[Opening DATA EXTRACT section]

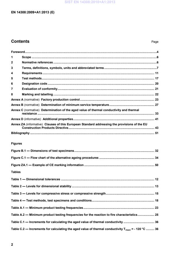 Figures Figure B.1 — Dimensions of test specimens . 32 Figure C.1 — Flow chart of the alternative ageing procedures . 34 Figure ZA.1 — Example of CE marking information . 50 Tables Table 1 — Dimensional tolerances . 12 Table 2 — Levels for dimensional stability . 13 Table 3 — Levels for compressive stress or compressive strength . 15 Table 4 — Test methods, test specimens and conditions. 18 Table A.1 — Minimum product testing frequencies . 23 Table A.2 — Minimum product testing frequencies for the reaction to fire characteristics . 25 Table C.1 — Increments for calculating the aged value of thermal conductivity . 36 Table C.2 — Increments for calculating the aged value of thermal conductivity Tmean = - 120 °C . 36 SIST EN 14308:2010+A1:2013
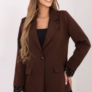 Elegancka marynarka damska to uniwersalny element garderoby, który doskonale sprawdzi się zarówno na co dzień, do pracy, jak i na okazje wizytowe czy imprezowe. Klasyczny krój o standardowej długości podkreśla sylwetkę i nadaje stylizacji szyku. Model wyposażony jest w wykładane klapy oraz wszyte poduszki na ramionach, które nadają marynarce wyrazistej formy i optycznie modelują linię ramion. Jednorzędowe zapięcie na guzik podkreśla elegancki charakter całości, a gładki wzór sprawia, że marynarka jest ponadczasowa i łatwa do stylizowania. Wyjątkowym akcentem są koronkowe wykończenia, zarówno u dołu marynarki, jak i przy długich rękawach, które dodają całości kobiecej lekkości i subtelnej elegancji. Wykonana z połączenia poliestru i elastanu, zapewnia komfort noszenia oraz dobre dopasowanie. Podszewka zwiększa wygodę i sprawia, że marynarka doskonale układa się na sylwetce. To idealna propozycja dla kobiet, które szukają eleganckiej marynarki z delikatnym, dekoracyjnym akcentem, pasującej na wiele różnych okazji.
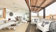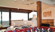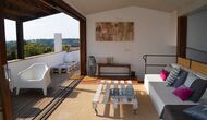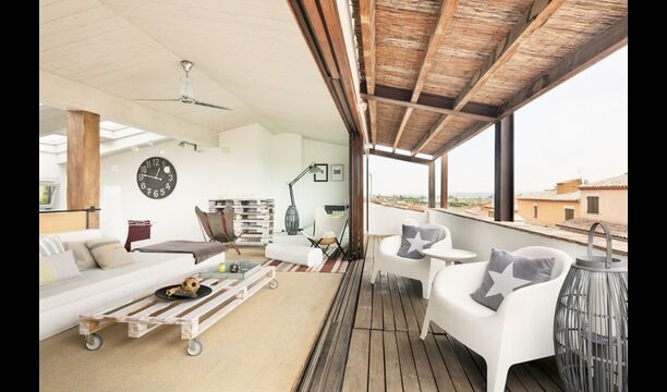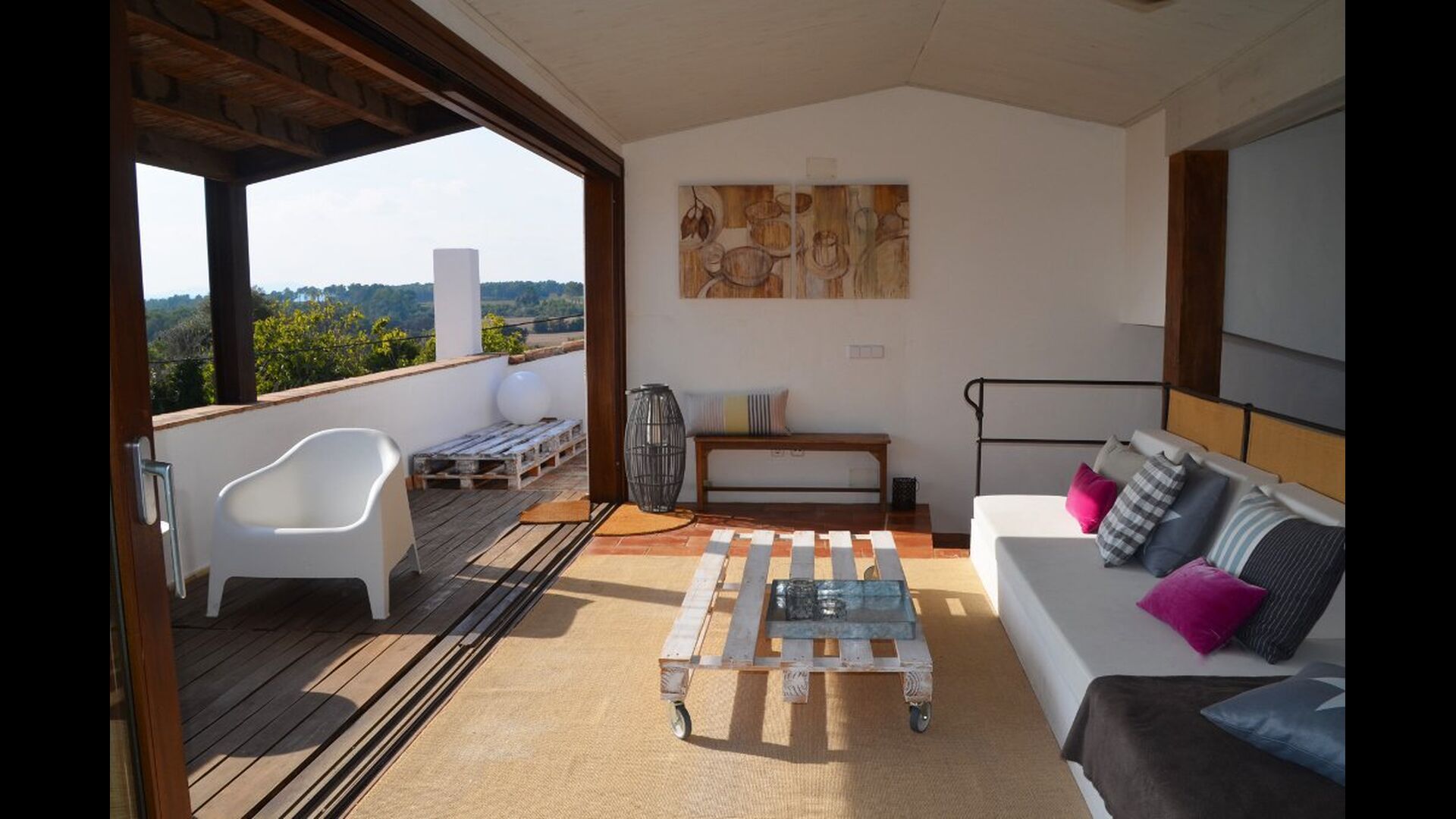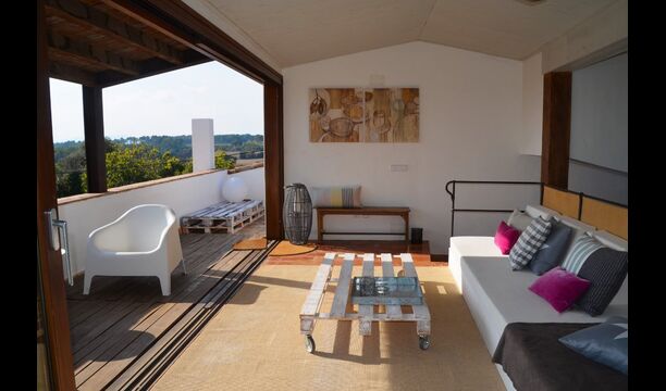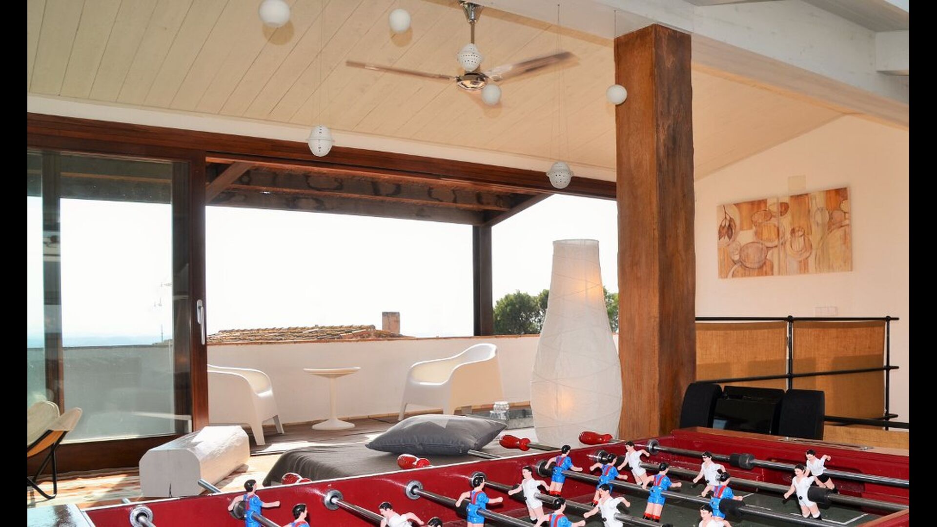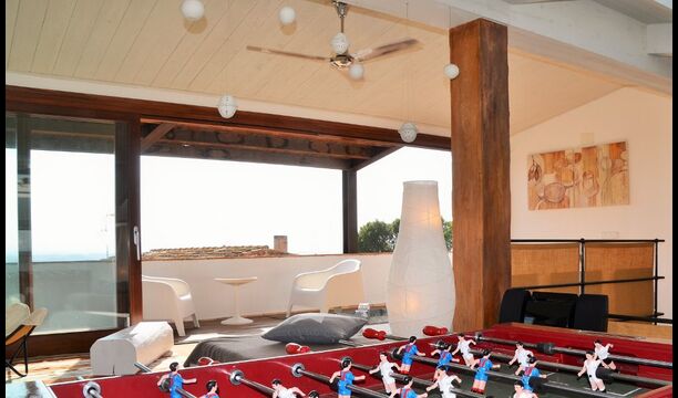 El tercer piso no hace más que aumentar la racha de excelente calidad. El área abierta está iluminada por la luz solar a través de las ventanas panorámicas que se pueden abrir y cerrar. Las instalaciones, como futbolín, bar, sistema de música, varias sillas y, por supuesto, el gran sofá, contribuyen a crear el ambiente perfecto para relajarse. Sin mencionar la espectacular vista desde la gran terraza en conexión con la habitación. Toma un vaso, llénalo con lo que quieras, recuéstate en el sofá y disfruta de la puesta de sol catalana detrás de las montañas en la distancia. Esta habitación no es diferente de las otras en términos de decoración; Está decorado de una manera muy moderna e impresionante. El propietario de la casa es un profesional de la decoración, organización y decoración para marcas reconocidas, esto se refleja en gran medida en el hogar de buen gusto.
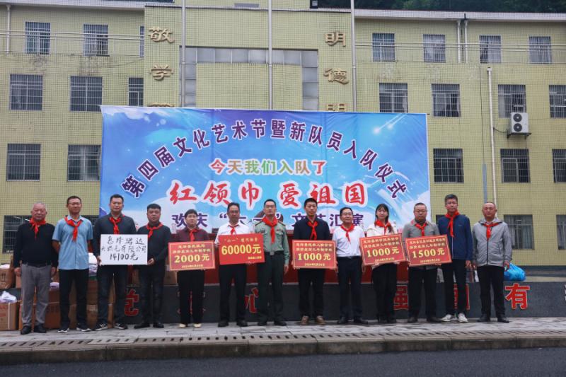 在鹿窝镇九年义务制学校,该校的少先队员们为前来参加活动的军地领导佩戴红领巾。捐赠仪式上,各单位向鹿窝镇九年义务制学校捐赠爱国主义教育图书100余册、并送上学习和体育用品等,同时向全体学生表达节日祝福。捐赠仪式结束后,官兵们观看该校学生少先队员入队仪式和文艺汇演。
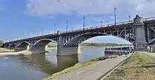 One of the last bridges completed by K. Rudzki i S-ka before the war was the Legions of Marshal Józef Piłsudski Bridge across Vistula in Płock.[1] The difficult construction of the then-longest bridge in Poland was completed in under two years by K. Rudzki i S-ka and another company, Przedsiębiorstwo Robót Inżynieryjnych Leszek Muszyński.[24] The bridge was opened for traffic in late 1938 and demolished only a year later, during the opening stages of the Invasion of Poland.[24]
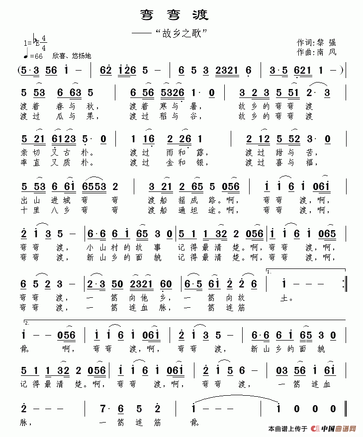 关于《弯弯渡(故乡之歌)》曲谱的评论
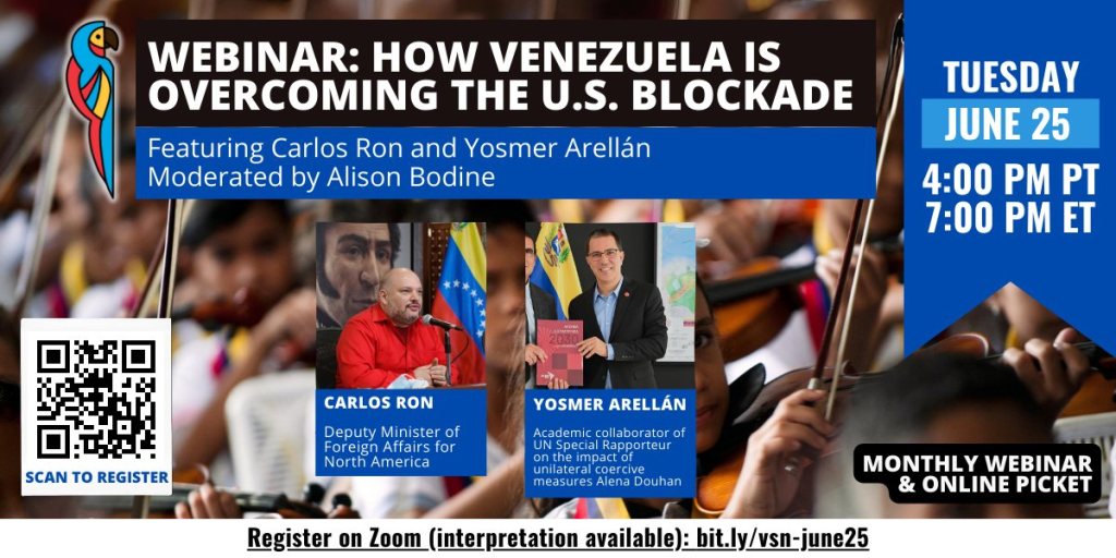 Join us for our next monthly picket/webinar featuring Venezuela’s Deputy Minister of Foreign Affairs for North America, Carlos Ron, and Yosmer Arellán, academic collaborator of UN Special Rapporteur on the impact of unilateral coercive measures, Alena Douhan, for a discussion on Venezuela’s resistance to U.S. hybrid warfare. Hear how the Venezuelan people and government have achieved remarkable economic progress and diplomatic success.

[Closing DATA EXTRACT section]

**WHAT YOU ARE ASKED TO DO**. Please transcribe every entry exactly as written, leaving the pictures out.

**ANSWER AREA**.
 Figures Figure B.1 — Dimensions of test specimens . 32 Figure C.1 — Flow chart of the alternative ageing procedures . 34 Figure ZA.1 — Example of CE marking information . 50 Tables Table 1 — Dimensional tolerances . 12 Table 2 — Levels for dimensional stability . 13 Table 3 — Levels for compressive stress or compressive strength . 15 Table 4 — Test methods, test specimens and conditions. 18 Table A.1 — Minimum product testing frequencies . 23 Table A.2 — Minimum product testing frequencies for the reaction to fire characteristics . 25 Table C.1 — Increments for calculating the aged value of thermal conductivity . 36 Table C.2 — Increments for calculating the aged value of thermal conductivity Tmean = - 120 °C . 36 SIST EN 14308:2010+A1:2013
 Elegancka marynarka damska to uniwersalny element garderoby, który doskonale sprawdzi się zarówno na co dzień, do pracy, jak i na okazje wizytowe czy imprezowe. Klasyczny krój o standardowej długości podkreśla sylwetkę i nadaje stylizacji szyku. Model wyposażony jest w wykładane klapy oraz wszyte poduszki na ramionach, które nadają marynarce wyrazistej formy i optycznie modelują linię ramion. Jednorzędowe zapięcie na guzik podkreśla elegancki charakter całości, a gładki wzór sprawia, że marynarka jest ponadczasowa i łatwa do stylizowania. Wyjątkowym akcentem są koronkowe wykończenia, zarówno u dołu marynarki, jak i przy długich rękawach, które dodają całości kobiecej lekkości i subtelnej elegancji. Wykonana z połączenia poliestru i elastanu, zapewnia komfort noszenia oraz dobre dopasowanie. Podszewka zwiększa wygodę i sprawia, że marynarka doskonale układa się na sylwetce. To idealna propozycja dla kobiet, które szukają eleganckiej marynarki z delikatnym, dekoracyjnym akcentem, pasującej na wiele różnych okazji.
 El tercer piso no hace más que aumentar la racha de excelente calidad. El área abierta está iluminada por la luz solar a través de las ventanas panorámicas que se pueden abrir y cerrar. Las instalaciones, como futbolín, bar, sistema de música, varias sillas y, por supuesto, el gran sofá, contribuyen a crear el ambiente perfecto para relajarse. Sin mencionar la espectacular vista desde la gran terraza en conexión con la habitación. Toma un vaso, llénalo con lo que quieras, recuéstate en el sofá y disfruta de la puesta de sol catalana detrás de las montañas en la distancia. Esta habitación no es diferente de las otras en términos de decoración; Está decorado de una manera muy moderna e impresionante. El propietario de la casa es un profesional de la decoración, organización y decoración para marcas reconocidas, esto se refleja en gran medida en el hogar de buen gusto.
 在鹿窝镇九年义务制学校,该校的少先队员们为前来参加活动的军地领导佩戴红领巾。捐赠仪式上,各单位向鹿窝镇九年义务制学校捐赠爱国主义教育图书100余册、并送上学习和体育用品等,同时向全体学生表达节日祝福。捐赠仪式结束后,官兵们观看该校学生少先队员入队仪式和文艺汇演。
 One of the last bridges completed by K. Rudzki i S-ka before the war was the Legions of Marshal Józef Piłsudski Bridge across Vistula in Płock.[1] The difficult construction of the then-longest bridge in Poland was completed in under two years by K. Rudzki i S-ka and another company, Przedsiębiorstwo Robót Inżynieryjnych Leszek Muszyński.[24] The bridge was opened for traffic in late 1938 and demolished only a year later, during the opening stages of the Invasion of Poland.[24]
 关于《弯弯渡(故乡之歌)》曲谱的评论
 Join us for our next monthly picket/webinar featuring Venezuela’s Deputy Minister of Foreign Affairs for North America, Carlos Ron, and Yosmer Arellán, academic collaborator of UN Special Rapporteur on the impact of unilateral coercive measures, Alena Douhan, for a discussion on Venezuela’s resistance to U.S. hybrid warfare. Hear how the Venezuelan people and government have achieved remarkable economic progress and diplomatic success.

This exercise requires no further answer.